Let’s hope the screenplay is better written than the song.
GURL: Hey, you’re a boy.
BOI: Yeah, and you’re a girl.
GURL: Guess it’s obvious what we should do now.
BOI: But I’m a punk.
GURL: Really? I do ballet.
BOI: Ya don’t say. I play guitar.
GURL: That’s cool. But your clothes don’t fit. Goodbye.
BOI: I’m going to write a song about you, but it’ll be ironic and self-referent because this is already the song I wrote.
The only redeeming quality is that it will have to flop (ahem, Crossroads, Glitter, any Madonna movie…) and it might deter producers from embarassing the nation with more crap like this in the future.
I may need to shoot myself. I know my sister will want to see this.
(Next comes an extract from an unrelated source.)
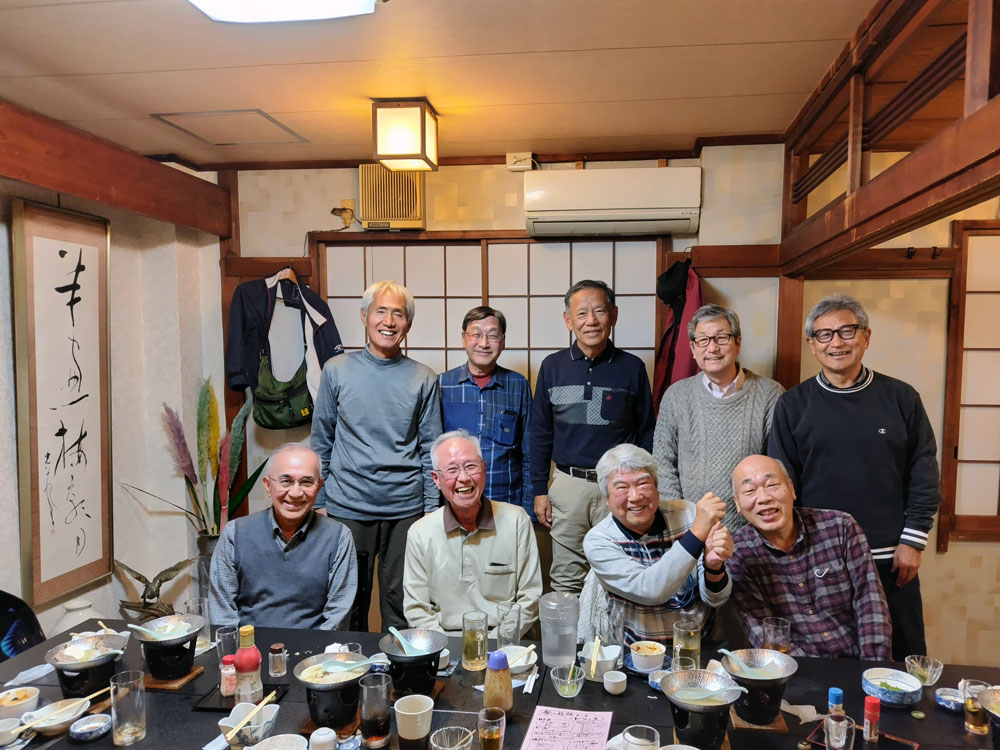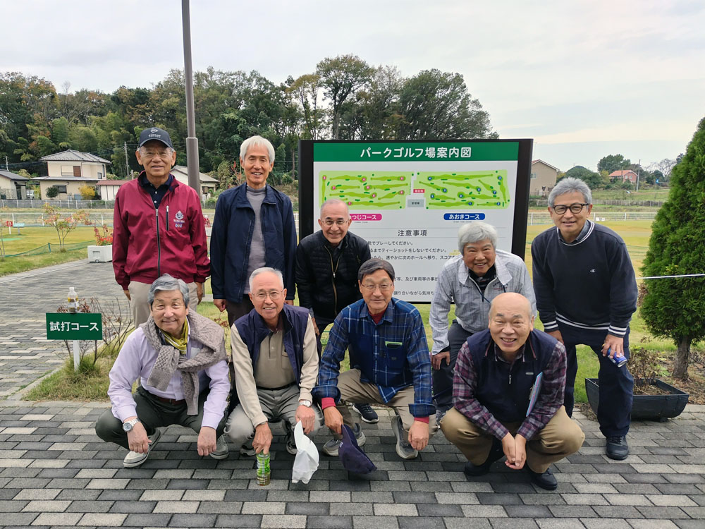 参加者は9名。心配された天気でしたが、温暖な曇り空、2ラウンド36ホールを満喫しました。パークゴルフの後は、上尾駅西口の斎藤芳男さん(24回)が営む「居酒屋 旬魚旬菜 ただ」で懇親会を行いました。

With my luck, she’ll declare it her most favorite movie ever, watch it 1000 times, and nothing I can do will avoid the inevitability of me hearing at least one or two lines of dialogue.
God, I can already imagine the sheer horror. Having a younger sister with absolutely no critical facilities at all when it comes to movies will do that to you. My family’s house has been subjected to every single piece of shitty, painfully stupid teenybopper-aimed made-for-TV-movie that has come down the pipe since my sister grew out of Aladdin. CURSES!
But wait, guys. He’s a punk. He wears baggy clothes! And she does ballet! They come from different worlds! How will those crazy kids make it work?
Avril is a dud, both mentally and musically. Anyone who thinks she’s the “anti-Britney” hasn’t been listening too closely to her lyrics. As empowering as “I’m a Slave 4 U” and just as vapid.
This movie will most likely have a lot of Avril in it’s soundtrack. I suggest the end credits song to be Avril’s live cover of SoaD’s “Chop Suey”. “Father, why have you forsaken me” as screeched by a chipmunk on speed would be a sentiment we could all agree with.